---------- AVAILABLE DATA ----------

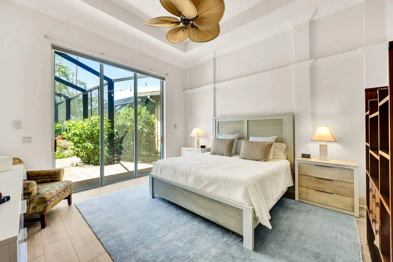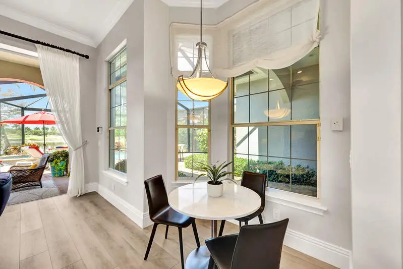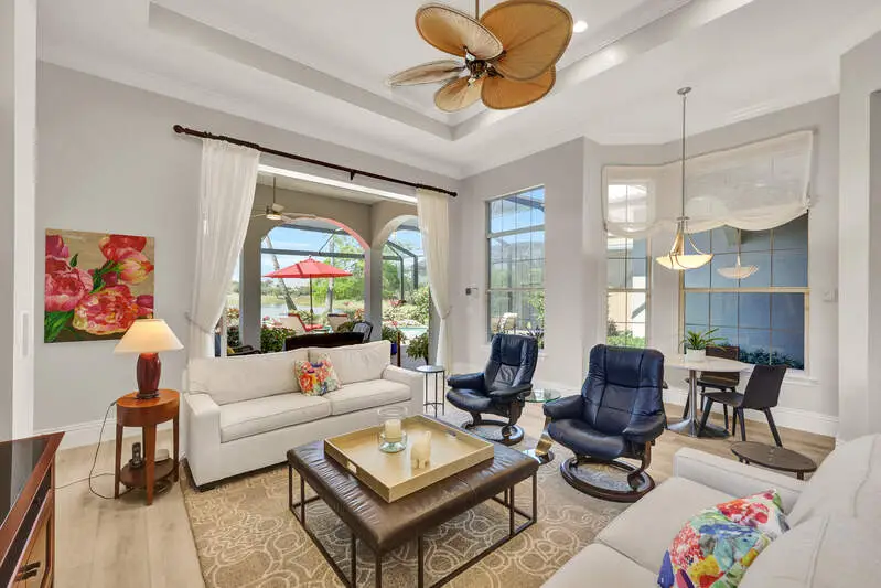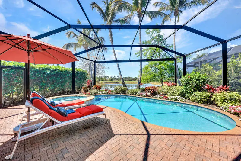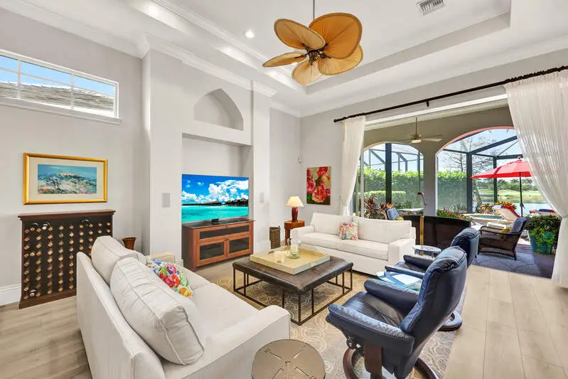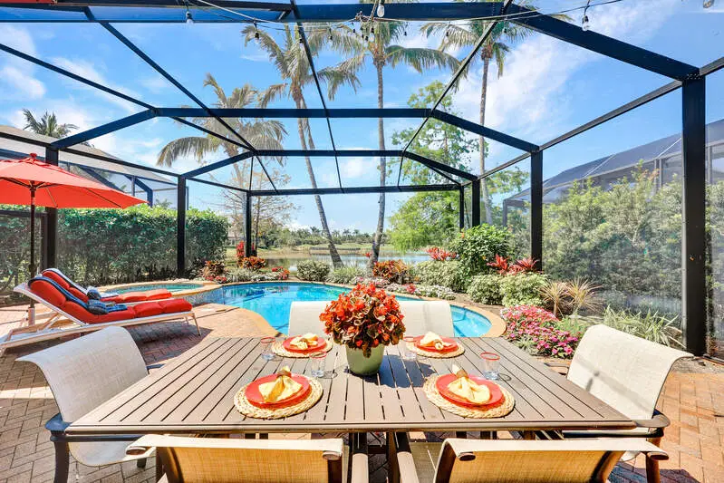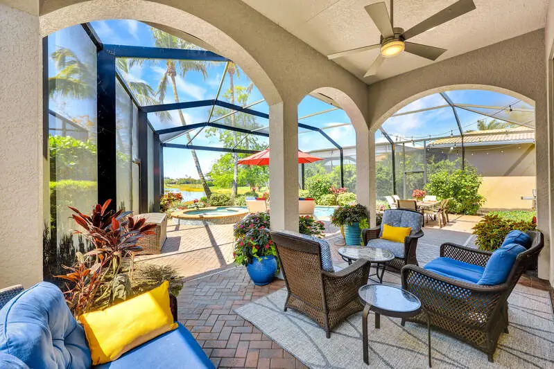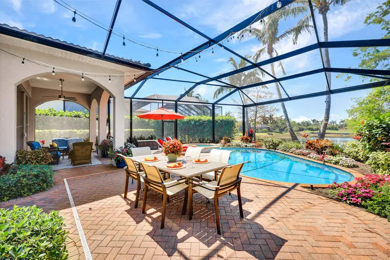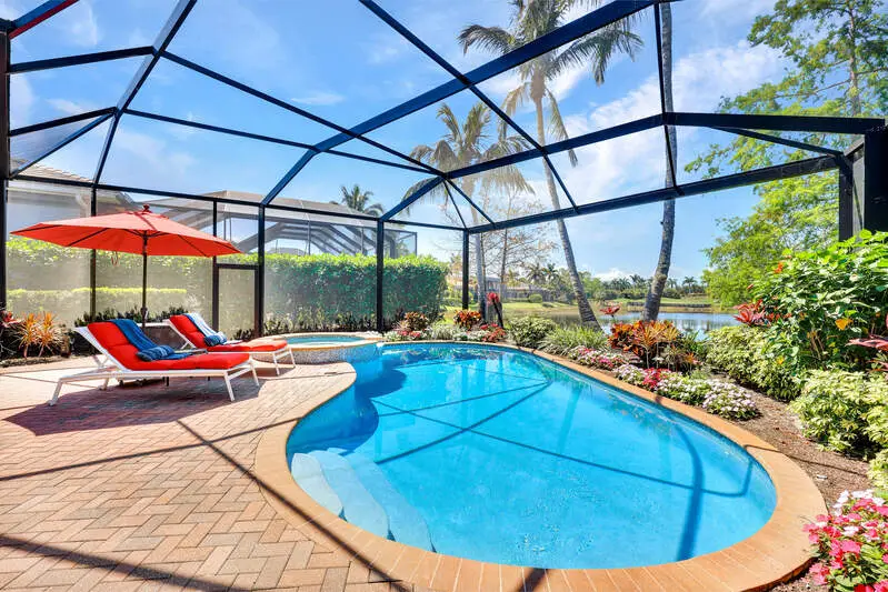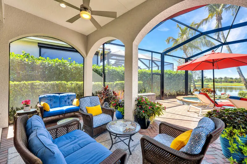 • Picture-frame lanai cage overlooking golf and water views
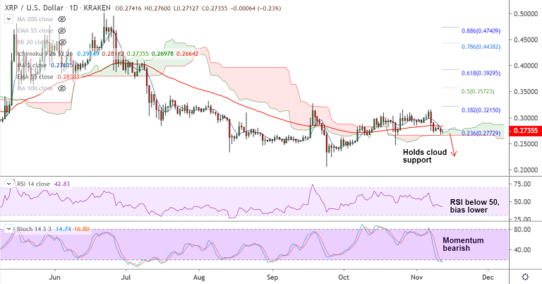 XRP/USD posts minor pullback from fresh 3-week lows at 0.2680, bias remains bearish.
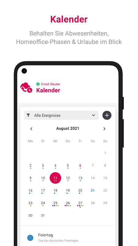 Einfacher geht es nicht: Abwesenheiten, Urlaubs- oder Homeofficetage werden übersichtlich im Kalender abgebildet. Außerdem können Sie aus dem Kalender heraus weitere Anträge stellen. Ihre aktuellen Salden können Sie zu jeder Zeit in der Stempeluhr App einsehen.
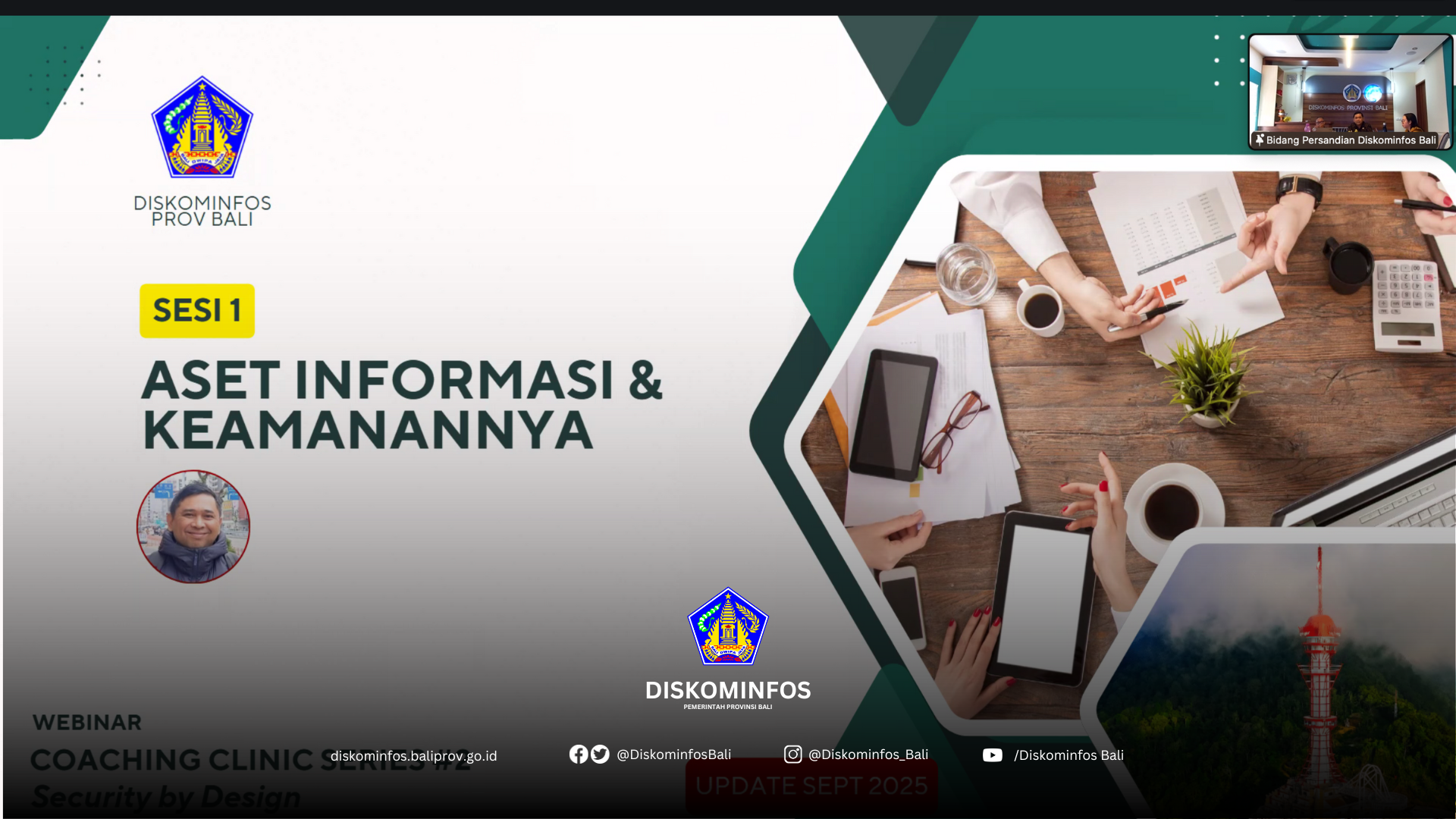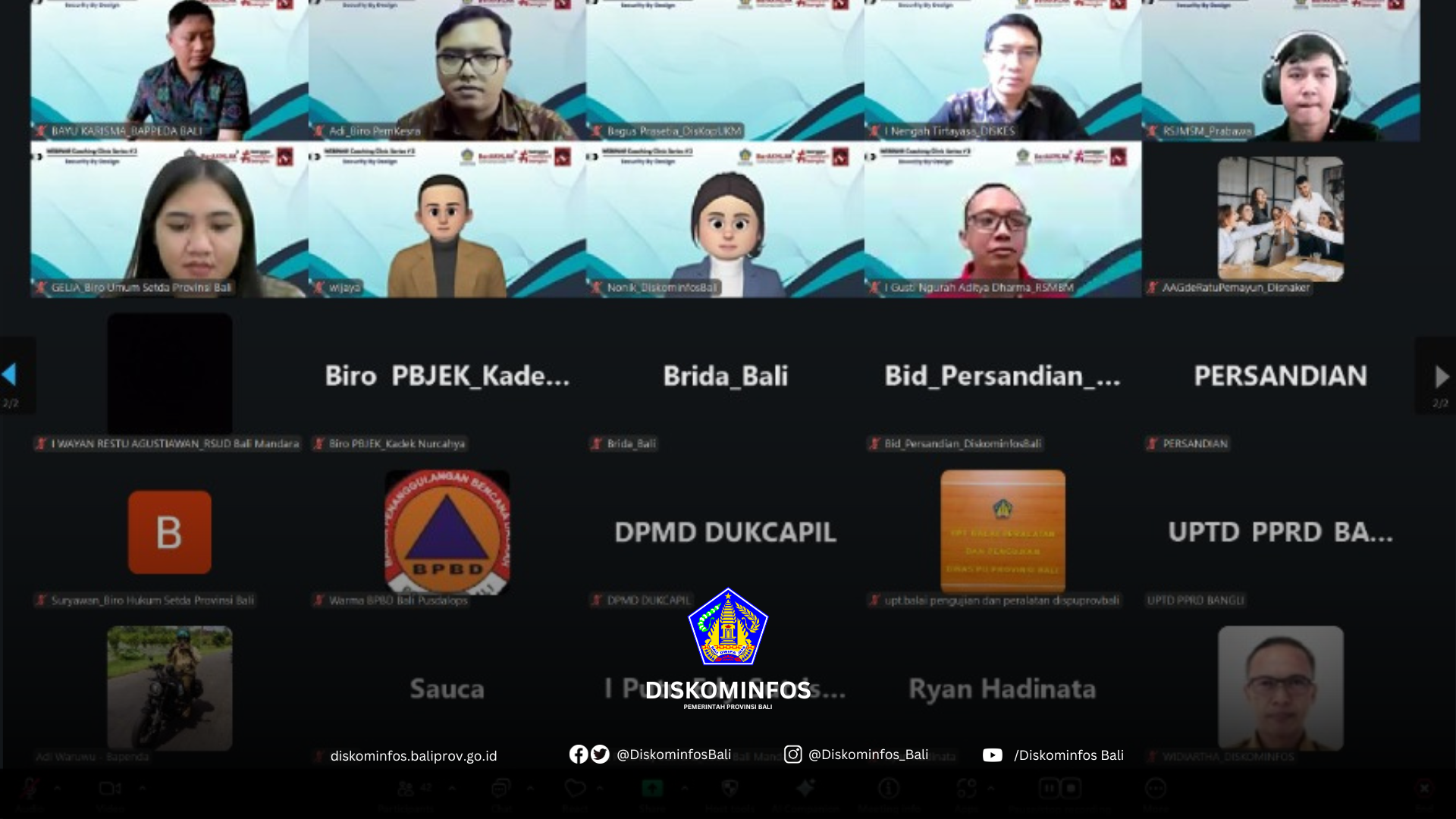 DENPASAR – Dalam rangka meningkatkan pemahaman konsep aset informasi, pentingnya pengamanan dan pemetaan aset informasi, Dinas Komunikasi, Informatika, dan Statistik (Diskominfos) Provinsi Bali melalui Bidang Persandian menyelenggarakan Webinar Coaching Clinic Series #2 dengan tema Security by Design, pada Jumat (19/9/2025), kepada Perangkat Daerah di Lingkungan Pemerintah Provinsi Bali sebagai Pemilik Aset Informasi.

----------

* [TRY IT]: Return the complete material exactly as it appears, without images.

* [RESPONSE BOX]:
 • Picture-frame lanai cage overlooking golf and water views
 XRP/USD posts minor pullback from fresh 3-week lows at 0.2680, bias remains bearish.
 Einfacher geht es nicht: Abwesenheiten, Urlaubs- oder Homeofficetage werden übersichtlich im Kalender abgebildet. Außerdem können Sie aus dem Kalender heraus weitere Anträge stellen. Ihre aktuellen Salden können Sie zu jeder Zeit in der Stempeluhr App einsehen.
 DENPASAR – Dalam rangka meningkatkan pemahaman konsep aset informasi, pentingnya pengamanan dan pemetaan aset informasi, Dinas Komunikasi, Informatika, dan Statistik (Diskominfos) Provinsi Bali melalui Bidang Persandian menyelenggarakan Webinar Coaching Clinic Series #2 dengan tema Security by Design, pada Jumat (19/9/2025), kepada Perangkat Daerah di Lingkungan Pemerintah Provinsi Bali sebagai Pemilik Aset Informasi.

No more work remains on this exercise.